- _DATA_:
◇ ◇ ◇ ◇ ◇ ◇ ◇
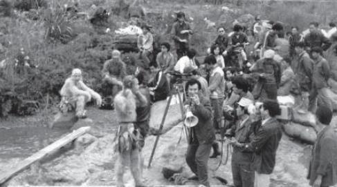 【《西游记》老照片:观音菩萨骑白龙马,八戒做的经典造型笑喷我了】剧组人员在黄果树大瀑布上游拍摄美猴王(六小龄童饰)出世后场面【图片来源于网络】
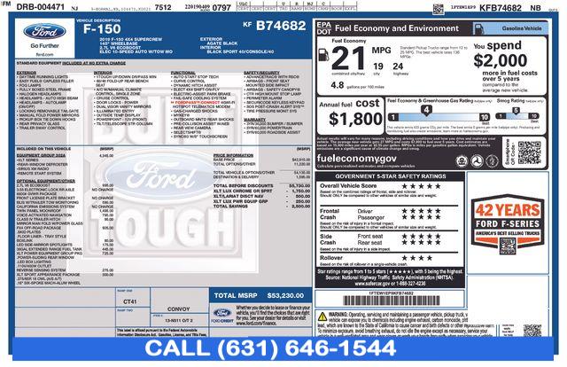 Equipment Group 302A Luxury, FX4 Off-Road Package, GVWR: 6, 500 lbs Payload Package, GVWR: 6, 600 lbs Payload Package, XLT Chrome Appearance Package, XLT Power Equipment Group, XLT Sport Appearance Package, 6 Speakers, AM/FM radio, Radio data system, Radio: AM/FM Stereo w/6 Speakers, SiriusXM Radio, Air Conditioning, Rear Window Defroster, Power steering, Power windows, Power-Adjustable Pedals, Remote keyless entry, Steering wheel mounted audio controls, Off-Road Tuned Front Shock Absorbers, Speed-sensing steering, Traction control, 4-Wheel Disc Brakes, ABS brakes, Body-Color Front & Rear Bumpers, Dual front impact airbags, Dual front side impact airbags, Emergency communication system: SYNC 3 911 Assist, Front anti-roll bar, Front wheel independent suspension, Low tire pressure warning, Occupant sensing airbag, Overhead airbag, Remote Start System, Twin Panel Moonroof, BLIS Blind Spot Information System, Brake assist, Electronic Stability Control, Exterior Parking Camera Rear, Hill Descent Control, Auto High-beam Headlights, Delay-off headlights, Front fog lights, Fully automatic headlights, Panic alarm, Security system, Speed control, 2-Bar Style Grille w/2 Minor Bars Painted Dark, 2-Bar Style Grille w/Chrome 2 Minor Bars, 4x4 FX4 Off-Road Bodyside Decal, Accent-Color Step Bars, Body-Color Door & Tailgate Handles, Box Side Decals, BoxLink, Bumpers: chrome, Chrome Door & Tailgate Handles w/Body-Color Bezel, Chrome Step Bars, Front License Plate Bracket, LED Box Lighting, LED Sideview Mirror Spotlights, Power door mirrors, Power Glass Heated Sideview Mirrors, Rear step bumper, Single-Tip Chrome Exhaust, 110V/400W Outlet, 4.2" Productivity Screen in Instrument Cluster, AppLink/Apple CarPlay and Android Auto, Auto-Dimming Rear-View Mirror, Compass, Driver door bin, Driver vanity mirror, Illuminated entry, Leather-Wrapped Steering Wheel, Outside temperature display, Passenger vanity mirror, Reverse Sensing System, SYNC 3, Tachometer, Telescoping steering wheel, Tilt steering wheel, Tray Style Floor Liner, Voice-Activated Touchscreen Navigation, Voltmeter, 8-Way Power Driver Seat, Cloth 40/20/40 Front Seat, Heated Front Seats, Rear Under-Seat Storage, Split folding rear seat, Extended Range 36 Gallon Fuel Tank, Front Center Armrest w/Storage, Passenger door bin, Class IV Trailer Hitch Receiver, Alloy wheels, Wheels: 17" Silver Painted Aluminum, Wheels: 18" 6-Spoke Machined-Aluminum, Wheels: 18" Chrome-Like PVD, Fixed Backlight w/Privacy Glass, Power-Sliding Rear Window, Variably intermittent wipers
◇ ◇ ◇ ◇ ◇ ◇ ◇
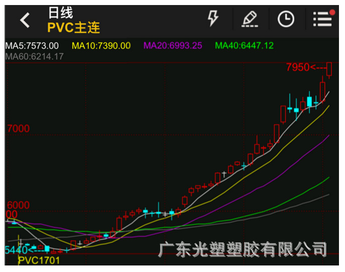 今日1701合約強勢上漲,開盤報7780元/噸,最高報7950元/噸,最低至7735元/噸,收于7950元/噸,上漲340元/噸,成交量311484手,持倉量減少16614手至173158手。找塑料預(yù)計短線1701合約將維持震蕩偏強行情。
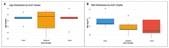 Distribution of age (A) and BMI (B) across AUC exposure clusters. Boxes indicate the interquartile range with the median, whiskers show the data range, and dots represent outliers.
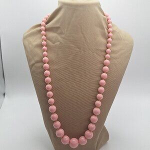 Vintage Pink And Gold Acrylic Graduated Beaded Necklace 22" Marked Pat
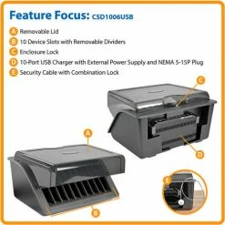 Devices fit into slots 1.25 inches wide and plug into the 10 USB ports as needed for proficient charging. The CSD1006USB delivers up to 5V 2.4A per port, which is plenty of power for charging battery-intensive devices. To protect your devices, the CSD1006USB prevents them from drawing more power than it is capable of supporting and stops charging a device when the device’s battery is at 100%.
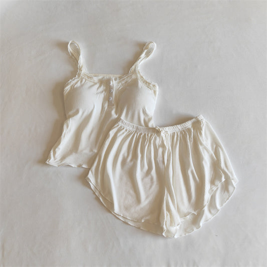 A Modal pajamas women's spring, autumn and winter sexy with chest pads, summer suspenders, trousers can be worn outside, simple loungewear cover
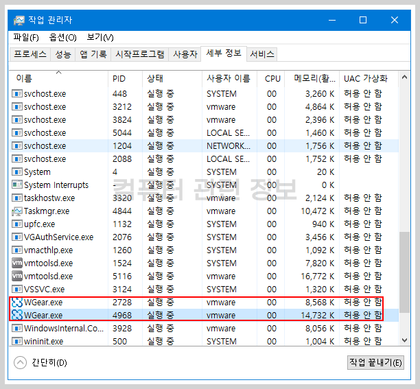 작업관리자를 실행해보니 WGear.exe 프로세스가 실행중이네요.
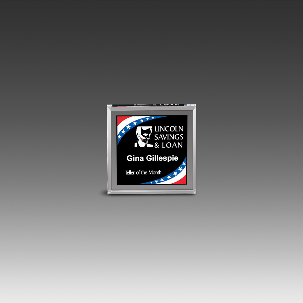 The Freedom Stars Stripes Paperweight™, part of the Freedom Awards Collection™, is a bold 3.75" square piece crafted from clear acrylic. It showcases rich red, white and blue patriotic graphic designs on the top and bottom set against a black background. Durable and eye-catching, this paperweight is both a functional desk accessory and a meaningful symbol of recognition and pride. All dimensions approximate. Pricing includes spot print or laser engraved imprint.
◇ ◇ ◇ ◇ ◇ ◇ ◇
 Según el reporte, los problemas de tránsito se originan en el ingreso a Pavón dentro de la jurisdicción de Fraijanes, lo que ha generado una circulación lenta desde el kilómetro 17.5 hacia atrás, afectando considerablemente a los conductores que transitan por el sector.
◇ ◇ ◇ ◇ ◇ ◇ ◇
- _DESCRIPTION OF THE TASK_: To complete this exercise, transcribe exactly the lines above from the one that holds "A Modal pajamas" through the one that holds "The Freedom Stars". Pictures stay out.

- _ANSWER SECTION_:
 A Modal pajamas women's spring, autumn and winter sexy with chest pads, summer suspenders, trousers can be worn outside, simple loungewear cover
 작업관리자를 실행해보니 WGear.exe 프로세스가 실행중이네요.
 The Freedom Stars Stripes Paperweight™, part of the Freedom Awards Collection™, is a bold 3.75" square piece crafted from clear acrylic. It showcases rich red, white and blue patriotic graphic designs on the top and bottom set against a black background. Durable and eye-catching, this paperweight is both a functional desk accessory and a meaningful symbol of recognition and pride. All dimensions approximate. Pricing includes spot print or laser engraved imprint.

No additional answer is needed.